Assignment:
Each record that follows should be repeated exactly, minus any images.

Listed entries:
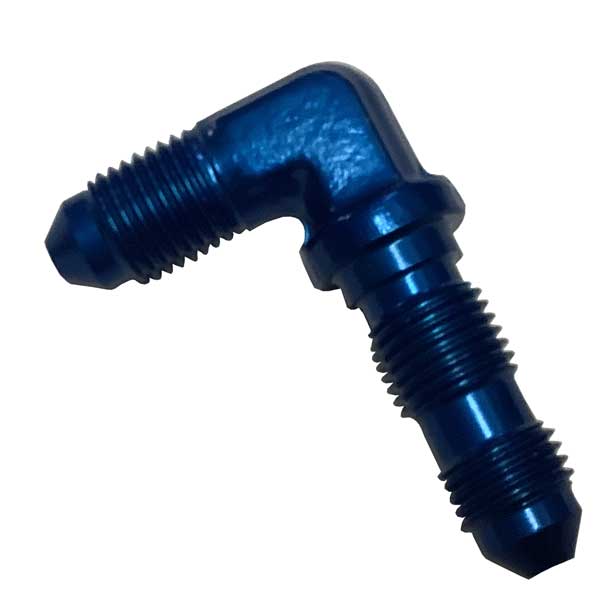 Fitting - Bulkhead - 90 Degree - 3 AN Male to 3 AN Male Bulkhead - Aluminum - Blue Anodize - Each
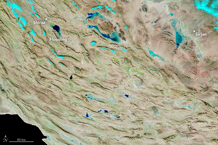 The Moderate Resolution Imaging Spectroradiometer (MODIS) on NASA’s Aqua satellite captured imagery of flooding in southern Iran on January 7, 2022. For comparison, the second image shows the same area on December 14, 2021, before the storms hit. The images are false color, using a combination of visible and shortwave infrared light (bands 7-2-1) to make it easier to distinguish between land and water. Dry land appears brown; vegetated areas are green. Areas covered by water are dark blue.
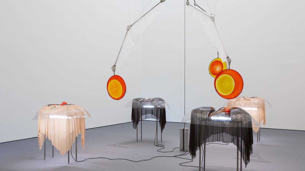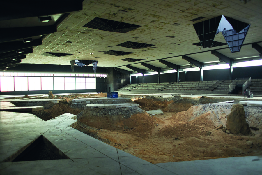 Conceptually overloaded but visually arresting is Pierre Huyghe’s spectacular After ALife Ahead, which transforms a former ice skating rink that is about to be demolished into an almost moonlike landscape, exposing the various layers of earth beneath the building, from clay to sand and gravel, all inhabited by biological life such as algae, bacteria and beehives. The roof opens and closes as determined by an algorithm based on the growth of incubated cancer cells, their rate of reproduction in turn synched with the vitality of the space (the movement of bees, CO2 and bacteria levels). A symbiosis of architecture, biological phenomena and symbolic landscape, the intervention suggests location and dislocation at once.
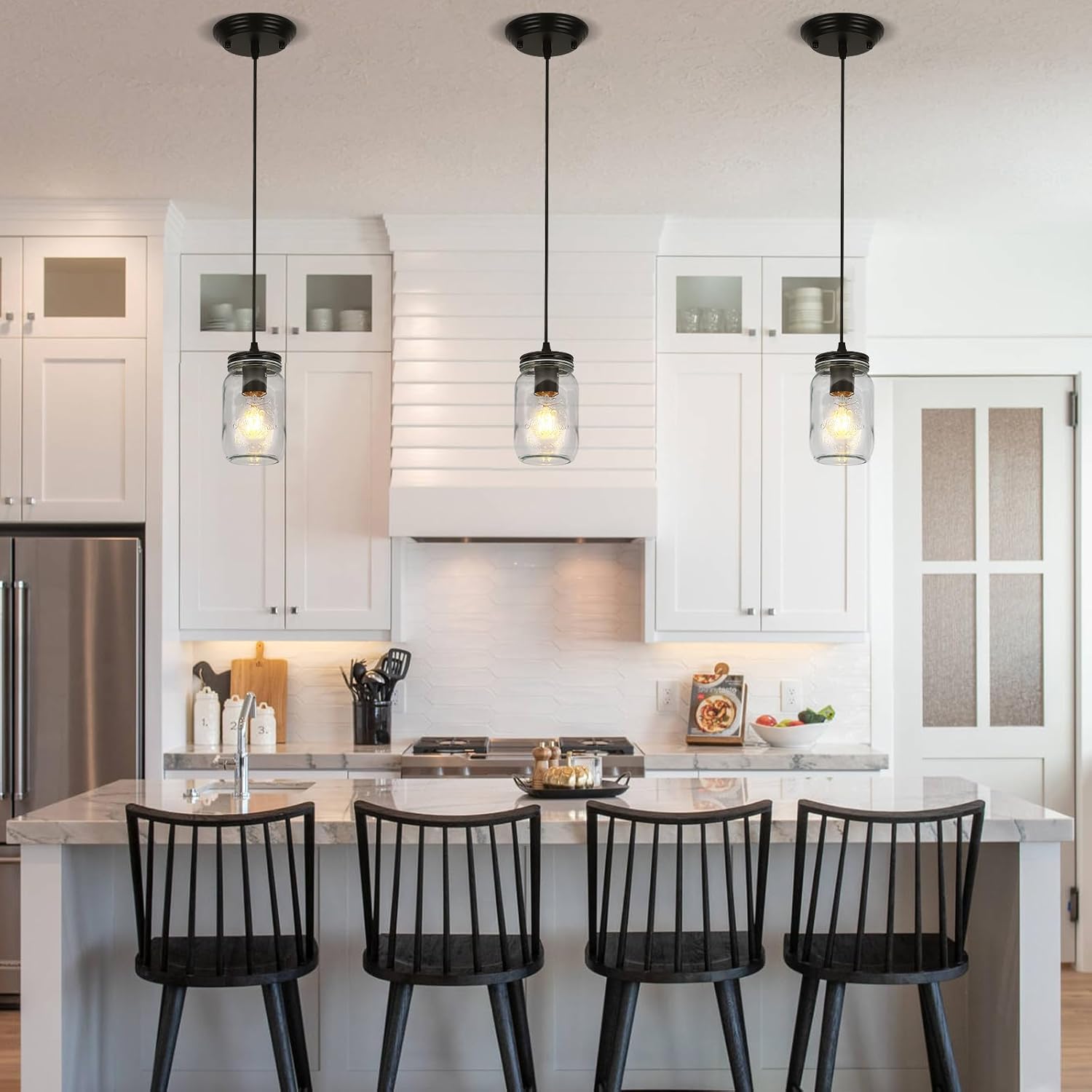 - High Quality Materials: This kitchen pendant lighting over island uses high-quality thickened glass, UL-certified wires and lamp sockets to ensure the durability and reliability of the farmhouse hanging light, providing you with a safe and long-lasting use experience.
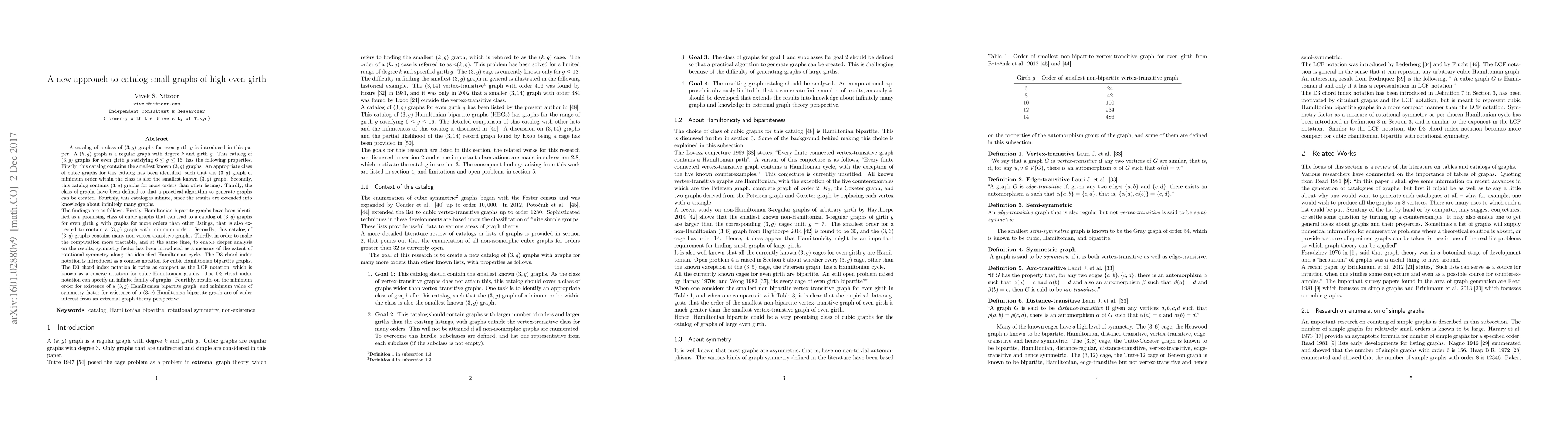 A catalog of a class of (3,g) graphs for even girth g is introduced in this paper. A (k,g) graph is a regular graph with degree k and girth g. This catalog of (3,g) graphs for even girth g satisfying 6 <= g <= 16, has the following properties. Firstly, this catalog contains the smallest known (3, g) graphs. An appropriate class of cubic graphs for this catalog has been identified, such that the (3,g) graph of minimum order within the class is also the smallest known (3,g) graph. Secondly, this catalog contains (3,g) graphs for more orders than other listings. Thirdly, the class of graphs have been defined so that a practical algorithm to generate graphs can be created. Fourthly, this catalog is infinite, since the results are extended into knowledge about infinitely many graphs. The findings are as follows. Firstly, Hamiltonian bipartite graphs have been identified as a promising class of cubic graphs that can lead to a catalog of (3,g) graphs for even girth g with graphs for more orders than other listings, that is also expected to contain a (3,g) graph with minimum order. Secondly, this catalog of (3,g) graphs contains many non-vertex-transitive graphs. Thirdly, in order to make the computation more tractable, and at the same time, to enable deeper analysis on the results, symmetry factor has been introduced as a measure of the extent of rotational symmetry along the identified Hamiltonian cycle. The D3 chord index notation is introduced as a concise notation for cubic Hamiltonian bipartite graphs. The D3 chord index notation is twice as compact as the LCF notation. The D3 chord index notation can specify an infinite family of graphs. Fourthly, results on the minimum order for existence of a (3,g) Hamiltonian bipartite graph, and minimum value of symmetry factor for existence of a (3,g) Hamiltonian bipartite graph are of wider interest.
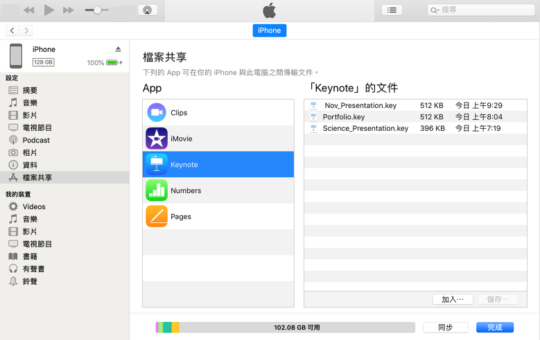 4. 選擇檔案共享 > 選取一個應用程式以查看哪些檔案可以在應用程式中共享 > 選取要傳輸到 PC 的內容 > 點擊同步。(如果您沒有在 iTunes 中看到檔案共享選項,則表示您的裝置沒有檔案共享程式)。
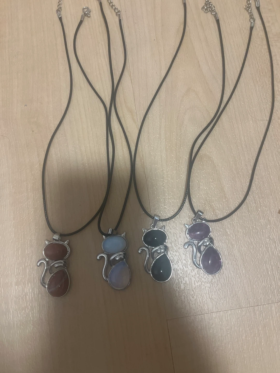 Selling a set of four cat pendants. Each pendant features a different coloured stone, set in a silver-tone metal. They're on black cords and ready to wear! Pick up only

Response box:
 Fitting - Bulkhead - 90 Degree - 3 AN Male to 3 AN Male Bulkhead - Aluminum - Blue Anodize - Each
 The Moderate Resolution Imaging Spectroradiometer (MODIS) on NASA’s Aqua satellite captured imagery of flooding in southern Iran on January 7, 2022. For comparison, the second image shows the same area on December 14, 2021, before the storms hit. The images are false color, using a combination of visible and shortwave infrared light (bands 7-2-1) to make it easier to distinguish between land and water. Dry land appears brown; vegetated areas are green. Areas covered by water are dark blue.
 Conceptually overloaded but visually arresting is Pierre Huyghe’s spectacular After ALife Ahead, which transforms a former ice skating rink that is about to be demolished into an almost moonlike landscape, exposing the various layers of earth beneath the building, from clay to sand and gravel, all inhabited by biological life such as algae, bacteria and beehives. The roof opens and closes as determined by an algorithm based on the growth of incubated cancer cells, their rate of reproduction in turn synched with the vitality of the space (the movement of bees, CO2 and bacteria levels). A symbiosis of architecture, biological phenomena and symbolic landscape, the intervention suggests location and dislocation at once.
 - High Quality Materials: This kitchen pendant lighting over island uses high-quality thickened glass, UL-certified wires and lamp sockets to ensure the durability and reliability of the farmhouse hanging light, providing you with a safe and long-lasting use experience.
 A catalog of a class of (3,g) graphs for even girth g is introduced in this paper. A (k,g) graph is a regular graph with degree k and girth g. This catalog of (3,g) graphs for even girth g satisfying 6 <= g <= 16, has the following properties. Firstly, this catalog contains the smallest known (3, g) graphs. An appropriate class of cubic graphs for this catalog has been identified, such that the (3,g) graph of minimum order within the class is also the smallest known (3,g) graph. Secondly, this catalog contains (3,g) graphs for more orders than other listings. Thirdly, the class of graphs have been defined so that a practical algorithm to generate graphs can be created. Fourthly, this catalog is infinite, since the results are extended into knowledge about infinitely many graphs. The findings are as follows. Firstly, Hamiltonian bipartite graphs have been identified as a promising class of cubic graphs that can lead to a catalog of (3,g) graphs for even girth g with graphs for more orders than other listings, that is also expected to contain a (3,g) graph with minimum order. Secondly, this catalog of (3,g) graphs contains many non-vertex-transitive graphs. Thirdly, in order to make the computation more tractable, and at the same time, to enable deeper analysis on the results, symmetry factor has been introduced as a measure of the extent of rotational symmetry along the identified Hamiltonian cycle. The D3 chord index notation is introduced as a concise notation for cubic Hamiltonian bipartite graphs. The D3 chord index notation is twice as compact as the LCF notation. The D3 chord index notation can specify an infinite family of graphs. Fourthly, results on the minimum order for existence of a (3,g) Hamiltonian bipartite graph, and minimum value of symmetry factor for existence of a (3,g) Hamiltonian bipartite graph are of wider interest.
 4. 選擇檔案共享 > 選取一個應用程式以查看哪些檔案可以在應用程式中共享 > 選取要傳輸到 PC 的內容 > 點擊同步。(如果您沒有在 iTunes 中看到檔案共享選項,則表示您的裝置沒有檔案共享程式)。
 Selling a set of four cat pendants. Each pendant features a different coloured stone, set in a silver-tone metal. They're on black cords and ready to wear! Pick up only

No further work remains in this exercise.